## Exercise aim:
An exact reproduction of the lines below, from the first through the one with "The concept of", is the whole answer; pictures have no place in it.

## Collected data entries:
BEGIN

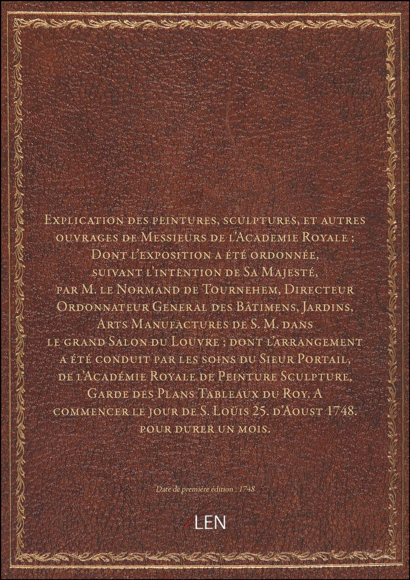 Titre complet : Explication des peintures, sculptures, et autres ouvrages de Messieurs de l'Academie Royale ; Dont l'exposition a été ordonnée, suivant l'intention de Sa Majesté, par M. le Normand de Tournehem, Directeur Ordonnateur General des Bâtimens, Jardins, Arts Manufactures de S. M. dans le grand Salon du Louvre ; dont l'arrangement a été conduit par les soins du Sieur Portail, de l'Académie Royale de Peinture Sculpture, Garde des Plans Tableaux du Roy. A commencer le jour de S. Loüis 25. d'Aoust 1748. pour durer un mois.
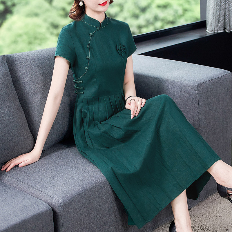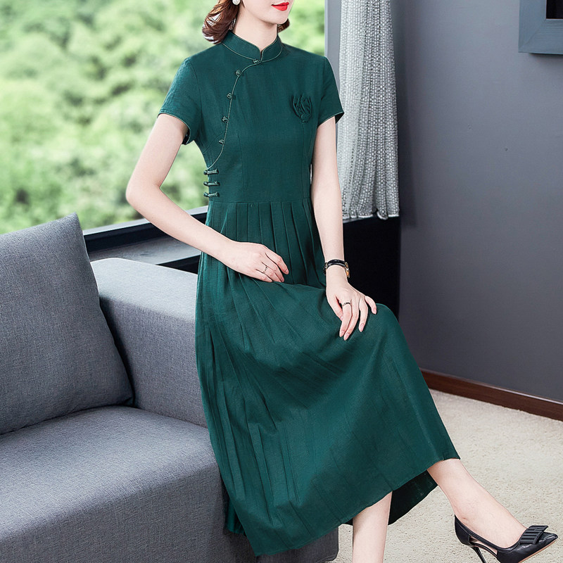 35-year-old new middle aged woman's summer mother dress summer dress 40-year-old women's dress improvement qipao
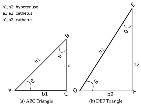 The concept of similarity of the triangles as demonstrated in our previous work [13], states that if two triangles share congruent angles, they are similar, as shown in Figure 1. Hence, the ratios of the corresponding sides of any two triangles are equivalent, no matter the hypotenuse length.
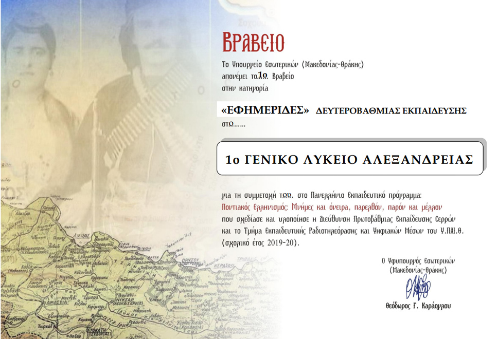 Ο Σύλλογος Διδασκόντων και ο Διευθυντής του 1ου Γενικού Λυκείου Αλεξάνδρειας εκφράζουμε τα συγχαρητήρια για το πρώτο (1ο) βραβείο που απέσπασε η εφημερίδα του σχολείου μας, «VIS VERBIS», στον Πανελλήνιο διαγωνισμό «ΠΟΝΤΙΑΚΟΣ ΕΛΛΗΝΙΣΜΟΣ – ΜΝΗΜΕΣ & ΟΝΕΙΡΑ» που διοργανώνεται από τη Διεύθυνση Πρωτοβάθμιας Εκπαίδευσης Σερρών σε συνεργασία με το Υπουργείο Εσωτερικών (Μακεδονίας – Θράκης):
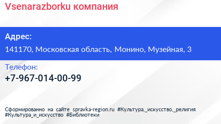 Vsenarazborku, компания по адресу 141170, Московская область, Монино, Музейная, 3 в дальнейшем Организация, размещена в следующих категориях:
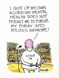 A day after Rajinikanth’s entry into politics appeared doubtful following reports on his health, Nala imagines Covid-19 as a candidate running for elections.
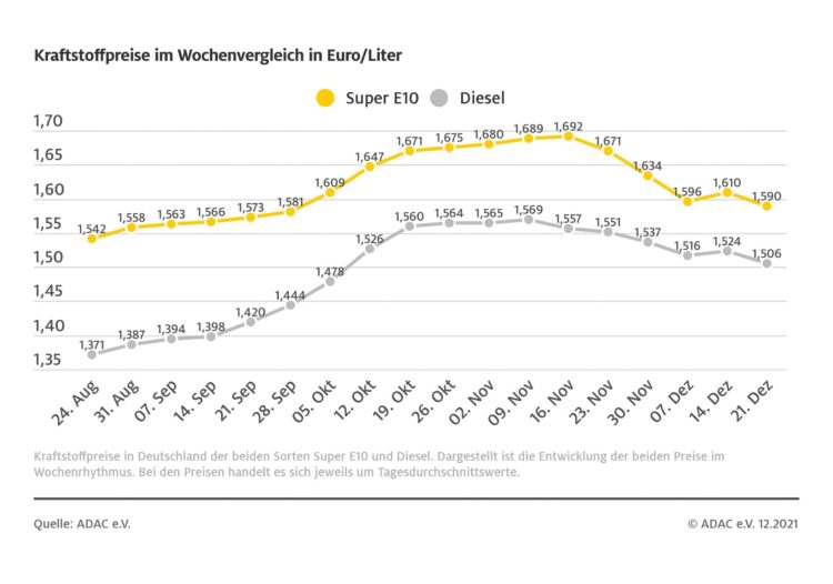 Tanken vor Weihnachten günstiger – Benzinpreis sinkt um zwei Cent, Diesel um 1,8 Cent Günstige Abendstunden nutzen
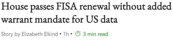 And once the warrant requirement failed, it was smooth sailing for the FISA renewal:
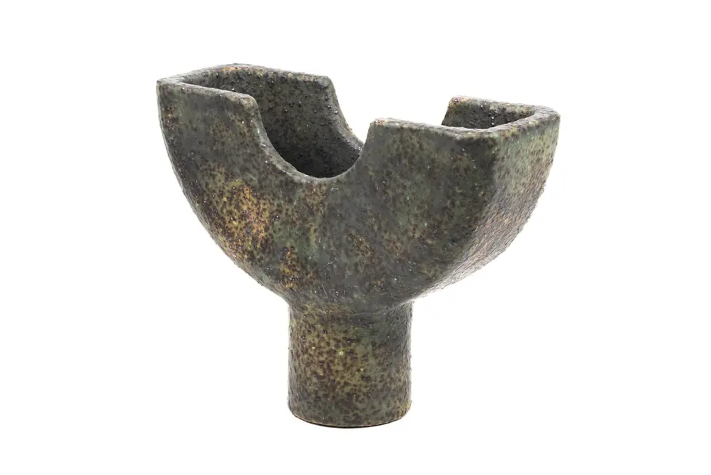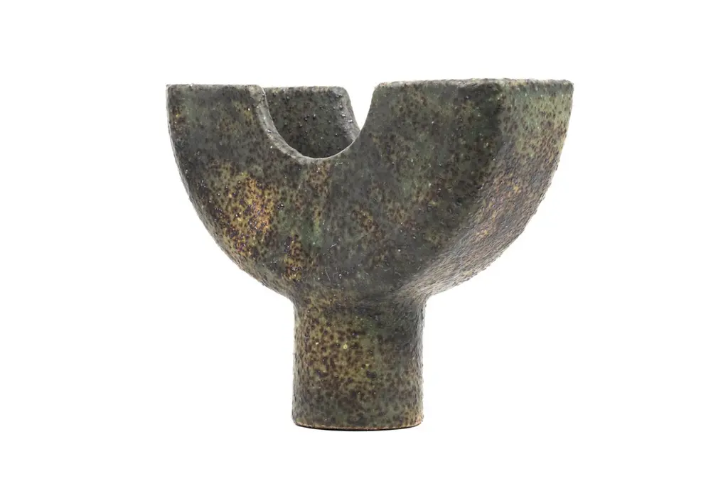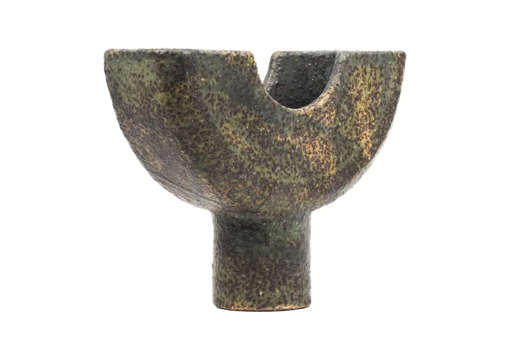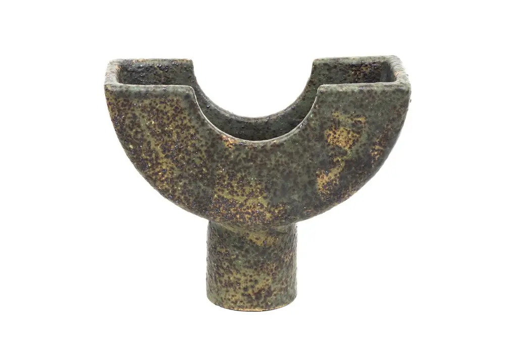 Cu vessel by Studio CúzeDimensions: D 8 x W 23 x H 19.5 cmMaterials: ceramic, copperThe Cu Vessel is a handmade piece for holding and collecting incense sticks. The piece owes its unique colour to the use of copper, which is named “Cu” in the periodic table. To the touch, it creates a regular shape that contrasts perfectly with the wonderfully rough surface. The shape itself is artfully designed and can also be displayed alone or as a decorative element. In general, the Cu Vessel can of course also be used perfectly for small treats. The Cu Vessel was handmade by Yasuhiro Cúze in Berlin. Each piece is unique.Studio CúzeI am a Berlin based Japanese ceramic artist. I completed the Design and Lab courses at Ishoken, and Tajimi City Pottery Design and Technical Centre.When I create, I do not think my objects are the leading part in the presentation of a meal. Rather the most important focus lies in the food, the artistic cuisine and its power to draw people together to enjoy it:it is the social aspect, rather than the product itself, that drives me to design. Therefore, I refers to my works as supporting actors; objects that exist naturally in our spatial environment.Many of my products are purposefully made large because I want people to come together using my products to join in the atmosphere and community of dining.
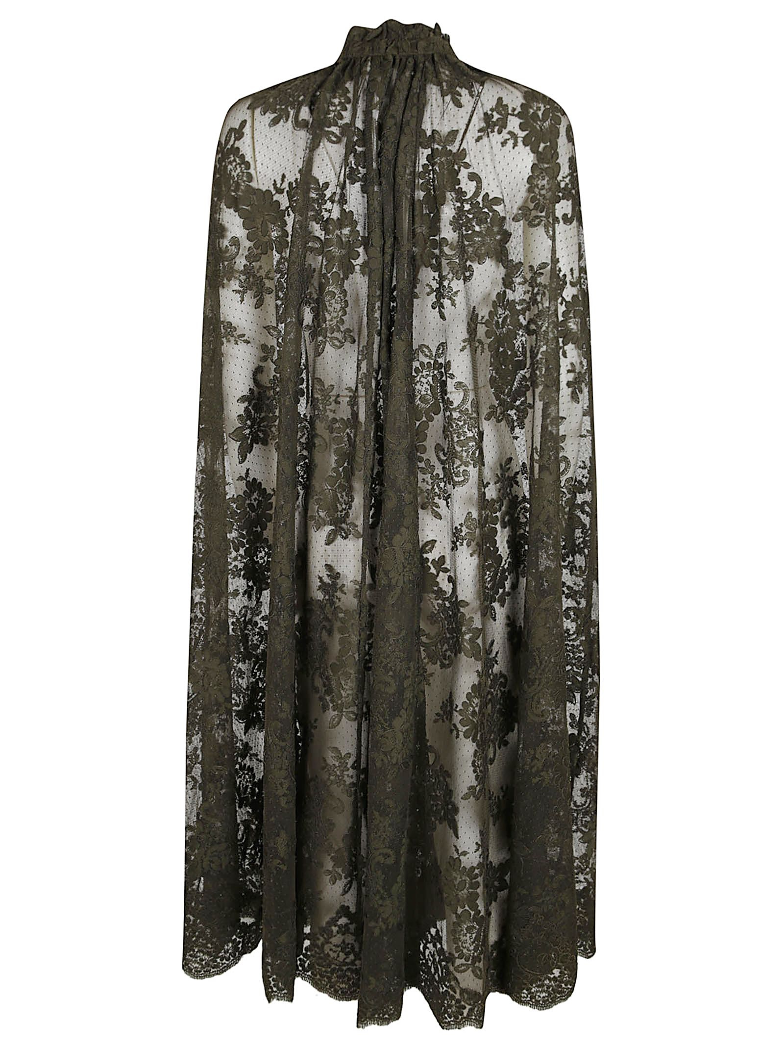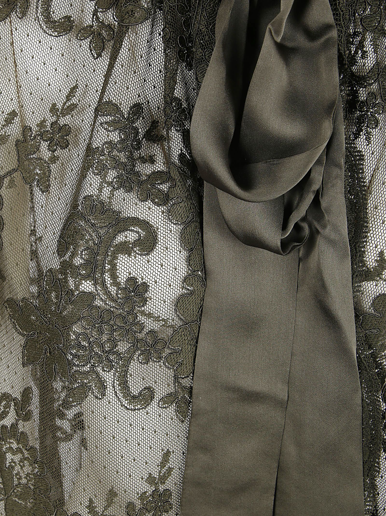 verde oliva pizzo floreale collo alto orlo ondulato maniche lunghe

END

## Exercise response:
 Titre complet : Explication des peintures, sculptures, et autres ouvrages de Messieurs de l'Academie Royale ; Dont l'exposition a été ordonnée, suivant l'intention de Sa Majesté, par M. le Normand de Tournehem, Directeur Ordonnateur General des Bâtimens, Jardins, Arts Manufactures de S. M. dans le grand Salon du Louvre ; dont l'arrangement a été conduit par les soins du Sieur Portail, de l'Académie Royale de Peinture Sculpture, Garde des Plans Tableaux du Roy. A commencer le jour de S. Loüis 25. d'Aoust 1748. pour durer un mois.
 35-year-old new middle aged woman's summer mother dress summer dress 40-year-old women's dress improvement qipao
 The concept of similarity of the triangles as demonstrated in our previous work [13], states that if two triangles share congruent angles, they are similar, as shown in Figure 1. Hence, the ratios of the corresponding sides of any two triangles are equivalent, no matter the hypotenuse length.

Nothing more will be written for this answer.